My second point is easy to state and understand, too. The anti-child attitude and the lack of prayer and careful thought about the issue of contraception among Christians is a problem—not the number of children a couple chooses to have or not to have.
I consider myself “quiverfull.” We have eight children, and we don’t use contraceptives (anymore). We came to this place slowly after several years of the same prayerlessness and lack of careful thought that I decry in the above statement. I’m glad to see Christian women (and men) thinking about the issue of contraception and asking what the One who is supposed to be Lord of our entire lives would have them do in this area of decision.
A few years ago a leader of women’s ministry in my (Baptist) church told me, laughingly, in front of the younger of her two children, that she and her husband should have only had one child. The second one was a mistake. They were really only able to handle one child, and after the second one was born, they got that “fixed” right away so that there wouldn’t be any more mistakes. I couldn’t believe she was telling me this, and I was literally speechless. I have since thought of many responses, both good and bad, but the main question I would like to ask that lady if I were able to do so is this: “Do you really believe God made a mistake in giving you a second child?”
For Christians, children are never mistakes; children are blessings.
I’m the fourth of four kids, and when I came along eight years after the first three, I gather I was a bit of a surprise. I can remember hearing my mother (I was very small) telling people that I was their “bonus”–they’d done so well with the first three that God decided they needed another. Needless to say, I didn’t have a clue what she was talking about until much later. But it’s of a piece with everything else about my childhood.
Forty years later, Jane and I have four kids, and we’re raising them in the house my parents bought because I came along and they needed more room.

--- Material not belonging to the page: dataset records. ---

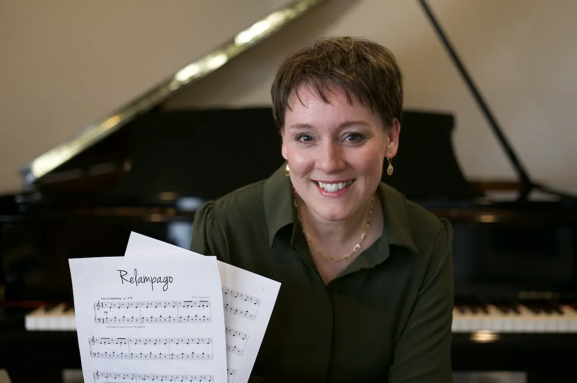 As for composing, ‘It has always come very naturally to me,’ says Ferguson. ‘When I started kindergarten, I had a little tape recorder and a stack of blank cassette tapes. I loved singing, making up songs and recording myself so I could go back and listen to them. This is still how I compose today!’ She continues: ‘I loved listening to classical music, and if I turned off the radio mid-song, I felt like – even if I had never heard the piece before – I could continue it in my head and create the entire ending. I’ve composed many pieces for my own students. We like to have themed recitals, so if I can’t find a piece that fits a student’s needs or the theme, I write one!’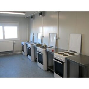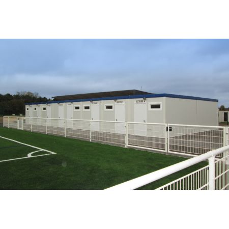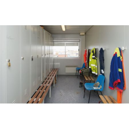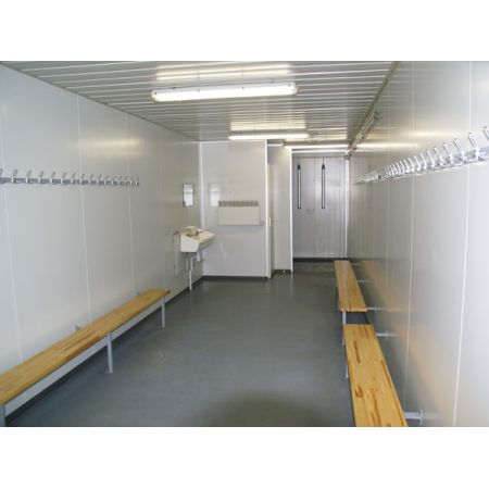Voor een kleine sportclub is een geprefabriceerde module uit één stuk voldoende. Deze is echter, net als elke kleedkamer, voorzien van banken en lockers voor het opbergen van de spullen van sporters.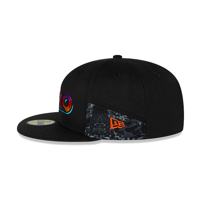 Esta gorra New Era 59FIFTY de los Naranjeros de Hermosillo de la colección LAMP Camo presenta un diseño negro con partes de camuflaje, el nombre de la ciudad de los Naranjeros con colores bordado en los paneles frontales, el nombre al reverso y el flag de New Era bordado en el lado izquierdo. Apoya a tu equipo y cómprala ya.

I just read this post to Jane; when she hears mothers say things like the mother in your story did, she turns to the child and says “I’m so sorry your mother feels that way.”
I feel so bad for that kid who has to listen to their mother talk about them like that. I was 7th out of 8 kids and I always felt as if we were ‘too much’.
It’s a shame she talks like that. If we could have more kids we would – absolutely!! However I always tell my kids that our family is complete – not only because that’s the way I feel but also I don’t want them to feel as if they are ‘not enough’.